WHAT TO DO »
Return exactly those lines of the material below that fall between the line holding "A gyerekekkel krumplinyomdákat" and the line holding "PABX模塊采用了三級(jí", inclusive.

DATASET RECORDS »
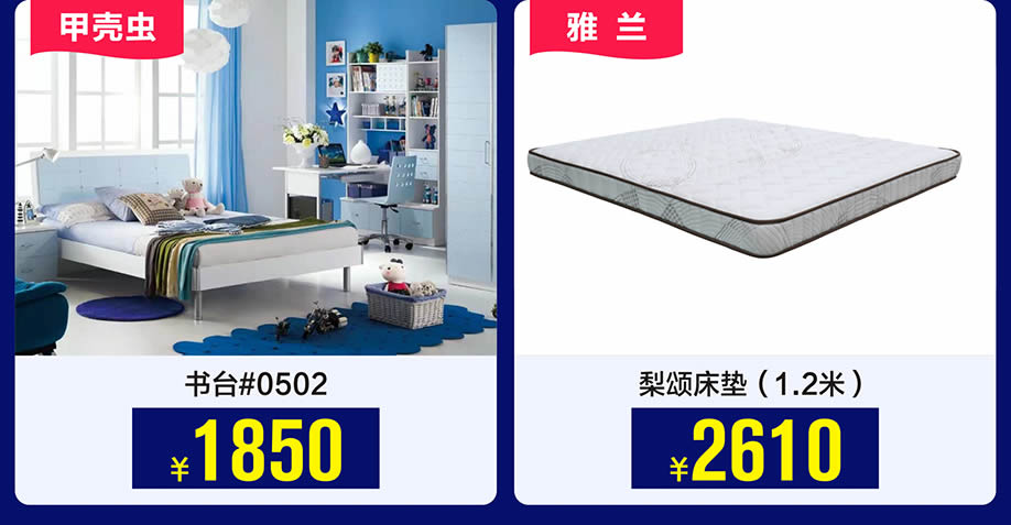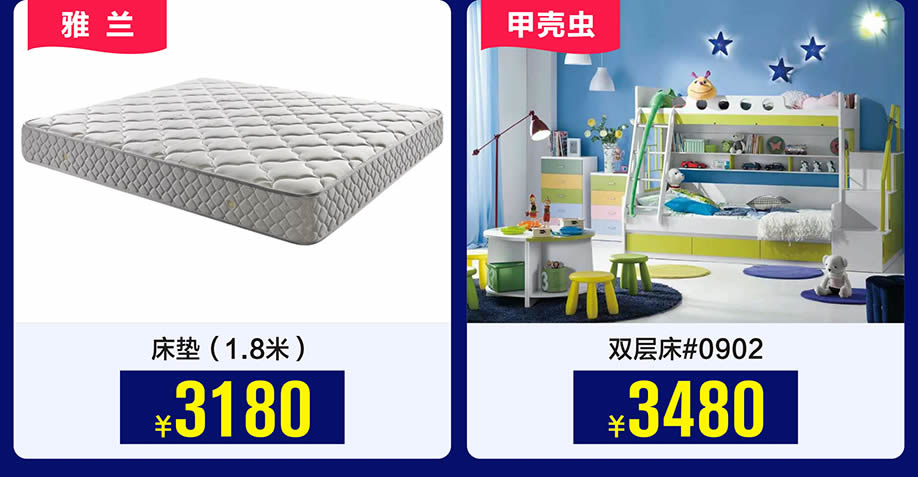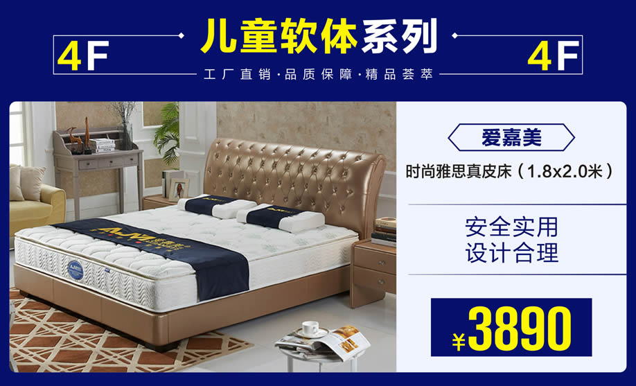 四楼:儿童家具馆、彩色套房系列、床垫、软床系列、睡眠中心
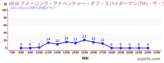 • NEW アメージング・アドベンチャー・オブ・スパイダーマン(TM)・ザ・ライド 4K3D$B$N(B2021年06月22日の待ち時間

...

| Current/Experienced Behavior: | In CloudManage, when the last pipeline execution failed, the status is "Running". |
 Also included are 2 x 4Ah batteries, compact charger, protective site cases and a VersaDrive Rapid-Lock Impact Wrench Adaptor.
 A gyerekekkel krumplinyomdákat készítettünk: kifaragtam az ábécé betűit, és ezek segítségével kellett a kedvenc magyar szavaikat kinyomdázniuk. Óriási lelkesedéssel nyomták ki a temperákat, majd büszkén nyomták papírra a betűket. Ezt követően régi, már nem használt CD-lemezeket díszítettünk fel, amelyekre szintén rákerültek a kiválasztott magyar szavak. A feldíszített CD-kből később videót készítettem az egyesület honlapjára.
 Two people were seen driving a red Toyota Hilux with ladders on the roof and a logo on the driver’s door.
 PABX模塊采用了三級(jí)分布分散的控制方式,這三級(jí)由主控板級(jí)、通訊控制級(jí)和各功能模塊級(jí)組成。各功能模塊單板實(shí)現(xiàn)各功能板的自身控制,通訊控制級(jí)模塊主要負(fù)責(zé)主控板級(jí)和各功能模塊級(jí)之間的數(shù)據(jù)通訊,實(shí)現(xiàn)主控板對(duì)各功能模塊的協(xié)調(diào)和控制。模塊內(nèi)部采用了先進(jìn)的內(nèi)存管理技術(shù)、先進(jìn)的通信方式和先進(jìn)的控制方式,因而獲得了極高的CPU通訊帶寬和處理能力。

EXPECTED ANSWER »
 A gyerekekkel krumplinyomdákat készítettünk: kifaragtam az ábécé betűit, és ezek segítségével kellett a kedvenc magyar szavaikat kinyomdázniuk. Óriási lelkesedéssel nyomták ki a temperákat, majd büszkén nyomták papírra a betűket. Ezt követően régi, már nem használt CD-lemezeket díszítettünk fel, amelyekre szintén rákerültek a kiválasztott magyar szavak. A feldíszített CD-kből később videót készítettem az egyesület honlapjára.
 Two people were seen driving a red Toyota Hilux with ladders on the roof and a logo on the driver’s door.
 PABX模塊采用了三級(jí)分布分散的控制方式,這三級(jí)由主控板級(jí)、通訊控制級(jí)和各功能模塊級(jí)組成。各功能模塊單板實(shí)現(xiàn)各功能板的自身控制,通訊控制級(jí)模塊主要負(fù)責(zé)主控板級(jí)和各功能模塊級(jí)之間的數(shù)據(jù)通訊,實(shí)現(xiàn)主控板對(duì)各功能模塊的協(xié)調(diào)和控制。模塊內(nèi)部采用了先進(jìn)的內(nèi)存管理技術(shù)、先進(jìn)的通信方式和先進(jìn)的控制方式,因而獲得了極高的CPU通訊帶寬和處理能力。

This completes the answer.